### What this task involves
Although the records contain pictures, none belong in the copy: restate word for word only the lines from the one with "- 100mg de L-Teanina" through the one with "750 V-Bucks 💎", both included.

### Data for review
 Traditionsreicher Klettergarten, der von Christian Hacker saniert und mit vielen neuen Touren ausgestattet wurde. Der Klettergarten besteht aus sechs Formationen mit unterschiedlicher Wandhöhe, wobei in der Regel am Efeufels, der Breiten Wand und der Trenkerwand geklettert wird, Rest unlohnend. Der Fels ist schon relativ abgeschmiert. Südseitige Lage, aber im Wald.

--

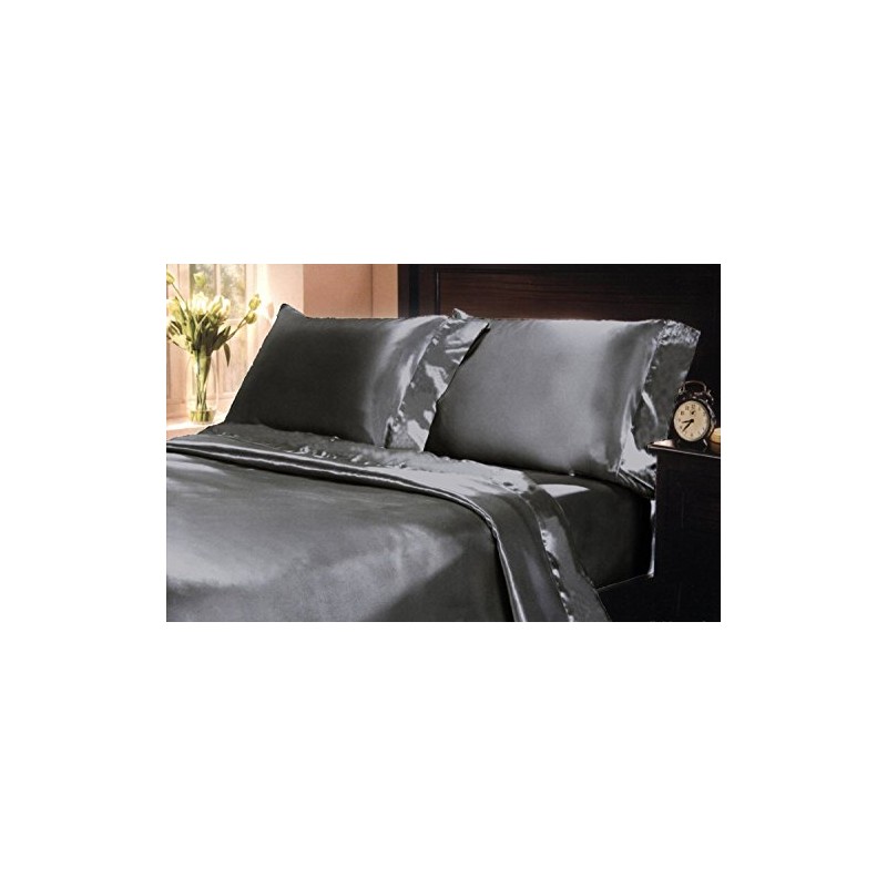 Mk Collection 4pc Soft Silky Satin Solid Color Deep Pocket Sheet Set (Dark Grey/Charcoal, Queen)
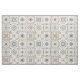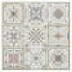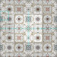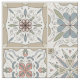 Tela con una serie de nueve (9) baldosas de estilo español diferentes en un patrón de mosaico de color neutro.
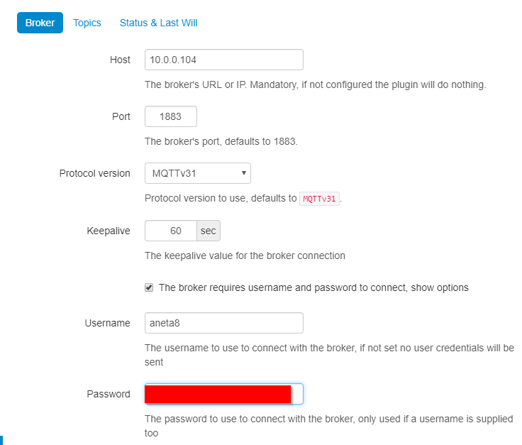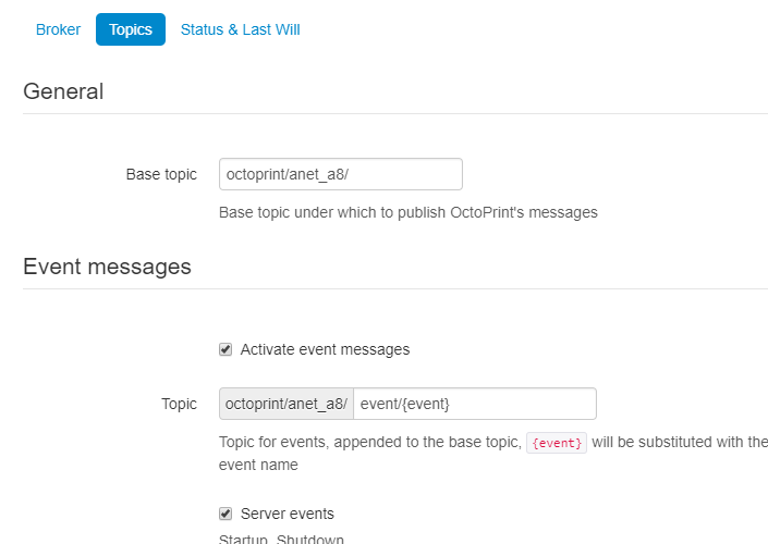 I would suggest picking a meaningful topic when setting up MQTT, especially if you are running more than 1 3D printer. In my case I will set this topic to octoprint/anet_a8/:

...

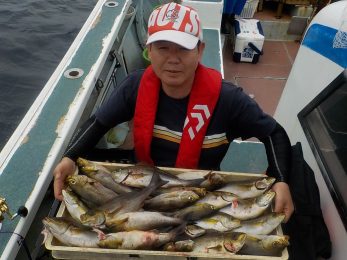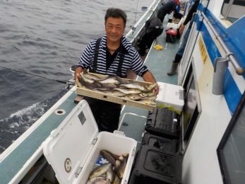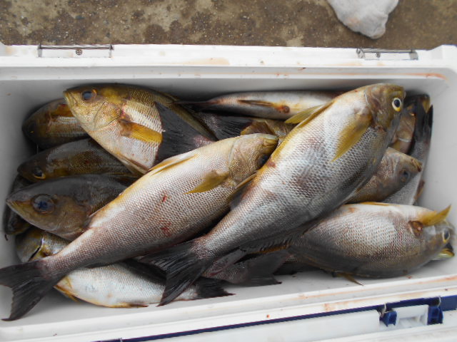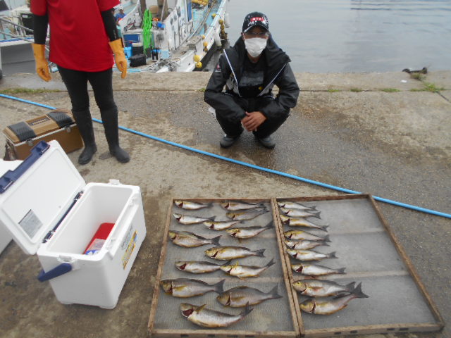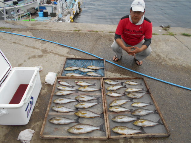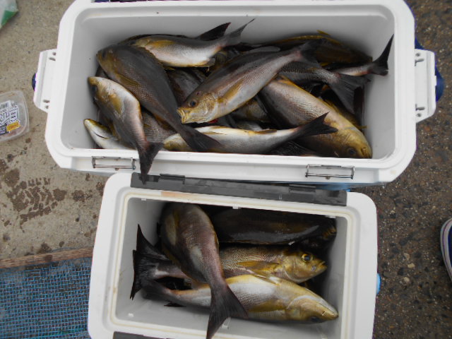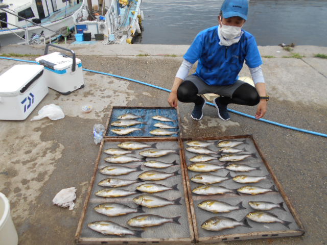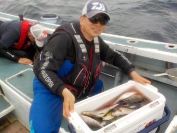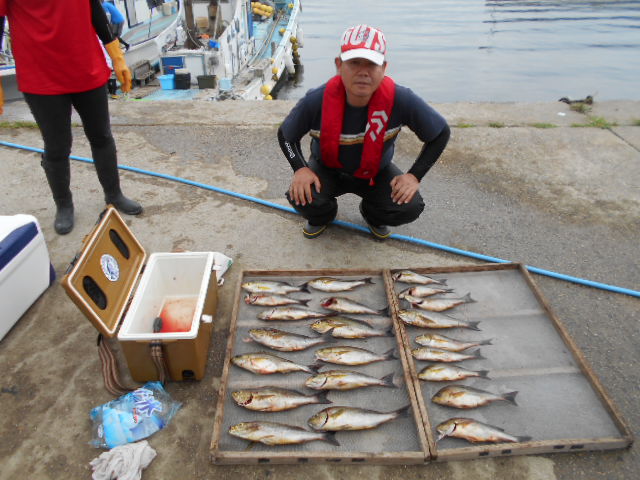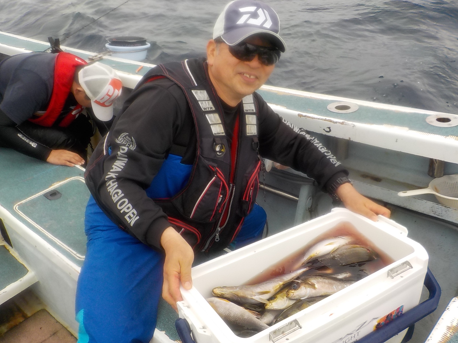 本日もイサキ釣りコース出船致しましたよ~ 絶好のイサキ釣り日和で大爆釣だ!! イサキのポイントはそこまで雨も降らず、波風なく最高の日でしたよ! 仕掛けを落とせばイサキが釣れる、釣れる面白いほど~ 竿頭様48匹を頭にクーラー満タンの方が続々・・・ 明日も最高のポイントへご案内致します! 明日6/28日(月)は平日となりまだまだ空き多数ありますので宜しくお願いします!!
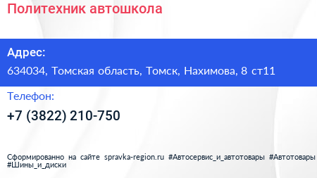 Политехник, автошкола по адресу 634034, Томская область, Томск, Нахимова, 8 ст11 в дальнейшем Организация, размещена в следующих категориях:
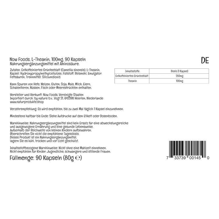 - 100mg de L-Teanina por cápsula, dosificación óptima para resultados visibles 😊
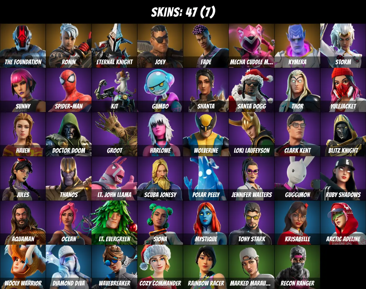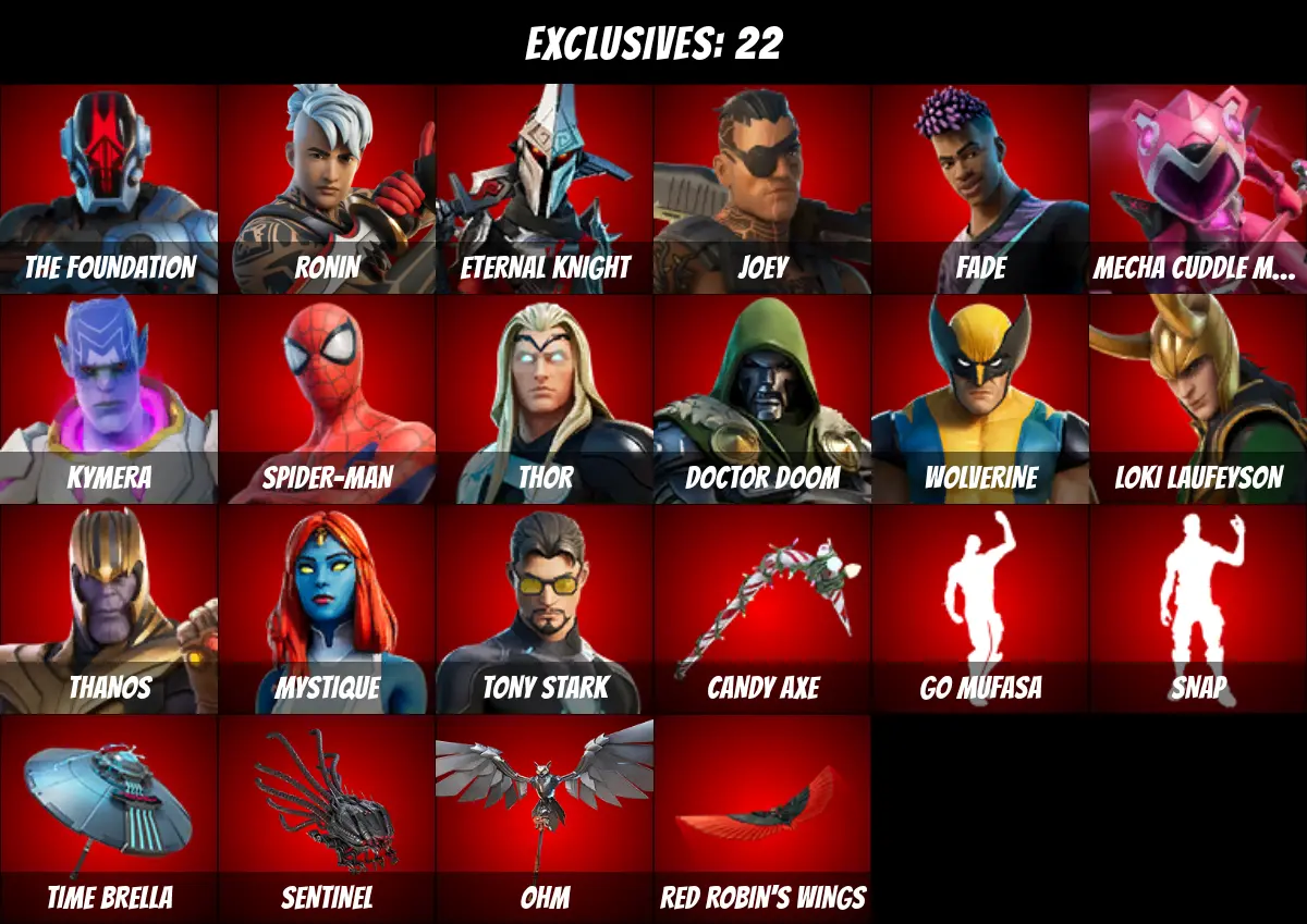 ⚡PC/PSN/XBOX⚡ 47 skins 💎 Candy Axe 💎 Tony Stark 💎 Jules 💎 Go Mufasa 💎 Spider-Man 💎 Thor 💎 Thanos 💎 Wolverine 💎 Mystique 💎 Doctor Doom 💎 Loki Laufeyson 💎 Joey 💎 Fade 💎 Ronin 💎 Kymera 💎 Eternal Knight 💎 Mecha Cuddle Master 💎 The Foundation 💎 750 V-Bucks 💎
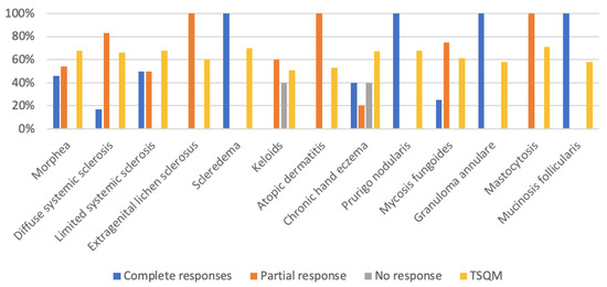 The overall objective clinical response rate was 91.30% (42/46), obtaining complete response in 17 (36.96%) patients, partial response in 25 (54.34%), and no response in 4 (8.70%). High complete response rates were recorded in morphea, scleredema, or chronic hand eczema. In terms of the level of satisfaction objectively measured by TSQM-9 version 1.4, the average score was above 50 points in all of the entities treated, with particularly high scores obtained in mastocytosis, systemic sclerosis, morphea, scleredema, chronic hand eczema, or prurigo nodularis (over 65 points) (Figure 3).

### Your response
 - 100mg de L-Teanina por cápsula, dosificación óptima para resultados visibles 😊
 ⚡PC/PSN/XBOX⚡ 47 skins 💎 Candy Axe 💎 Tony Stark 💎 Jules 💎 Go Mufasa 💎 Spider-Man 💎 Thor 💎 Thanos 💎 Wolverine 💎 Mystique 💎 Doctor Doom 💎 Loki Laufeyson 💎 Joey 💎 Fade 💎 Ronin 💎 Kymera 💎 Eternal Knight 💎 Mecha Cuddle Master 💎 The Foundation 💎 750 V-Bucks 💎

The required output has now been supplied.